== Work instructions ==
Print, exactly as written, the line containing "Handmade large box" and every line after it, ending with the final line of the data below.

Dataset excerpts
*-*-*

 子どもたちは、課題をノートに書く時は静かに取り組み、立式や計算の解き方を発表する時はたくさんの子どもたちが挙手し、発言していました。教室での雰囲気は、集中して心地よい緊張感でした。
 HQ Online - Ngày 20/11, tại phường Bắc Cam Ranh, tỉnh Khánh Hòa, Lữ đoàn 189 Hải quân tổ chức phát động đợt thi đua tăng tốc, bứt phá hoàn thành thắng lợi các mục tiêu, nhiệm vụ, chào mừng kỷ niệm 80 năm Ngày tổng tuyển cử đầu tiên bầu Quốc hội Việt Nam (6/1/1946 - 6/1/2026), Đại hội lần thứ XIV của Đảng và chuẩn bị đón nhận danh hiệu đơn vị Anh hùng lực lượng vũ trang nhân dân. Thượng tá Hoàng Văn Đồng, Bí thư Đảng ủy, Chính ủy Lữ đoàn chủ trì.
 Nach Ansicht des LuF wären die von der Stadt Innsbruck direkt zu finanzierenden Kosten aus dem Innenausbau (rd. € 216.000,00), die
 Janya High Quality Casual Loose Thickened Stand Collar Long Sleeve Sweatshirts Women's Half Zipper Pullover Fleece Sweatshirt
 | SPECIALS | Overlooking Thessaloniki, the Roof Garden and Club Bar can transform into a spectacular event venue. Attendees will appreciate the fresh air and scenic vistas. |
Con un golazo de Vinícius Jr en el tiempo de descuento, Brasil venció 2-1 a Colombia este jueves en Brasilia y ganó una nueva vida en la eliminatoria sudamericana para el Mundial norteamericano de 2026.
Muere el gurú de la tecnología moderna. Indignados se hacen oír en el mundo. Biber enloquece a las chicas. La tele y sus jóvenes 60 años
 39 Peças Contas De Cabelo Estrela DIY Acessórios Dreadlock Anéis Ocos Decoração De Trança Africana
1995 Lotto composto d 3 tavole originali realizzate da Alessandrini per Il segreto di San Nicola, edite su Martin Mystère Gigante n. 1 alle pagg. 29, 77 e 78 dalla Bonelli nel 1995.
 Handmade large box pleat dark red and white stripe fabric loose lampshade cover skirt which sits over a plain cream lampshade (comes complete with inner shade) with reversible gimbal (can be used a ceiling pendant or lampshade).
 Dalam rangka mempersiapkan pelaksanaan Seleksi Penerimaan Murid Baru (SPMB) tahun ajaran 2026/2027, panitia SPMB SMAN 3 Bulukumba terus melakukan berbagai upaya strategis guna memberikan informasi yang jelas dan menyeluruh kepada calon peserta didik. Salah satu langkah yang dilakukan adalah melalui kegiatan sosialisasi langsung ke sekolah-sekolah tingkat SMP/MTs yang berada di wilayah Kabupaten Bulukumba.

*-*-*

== Answer to this problem ==
 Handmade large box pleat dark red and white stripe fabric loose lampshade cover skirt which sits over a plain cream lampshade (comes complete with inner shade) with reversible gimbal (can be used a ceiling pendant or lampshade).
 Dalam rangka mempersiapkan pelaksanaan Seleksi Penerimaan Murid Baru (SPMB) tahun ajaran 2026/2027, panitia SPMB SMAN 3 Bulukumba terus melakukan berbagai upaya strategis guna memberikan informasi yang jelas dan menyeluruh kepada calon peserta didik. Salah satu langkah yang dilakukan adalah melalui kegiatan sosialisasi langsung ke sekolah-sekolah tingkat SMP/MTs yang berada di wilayah Kabupaten Bulukumba.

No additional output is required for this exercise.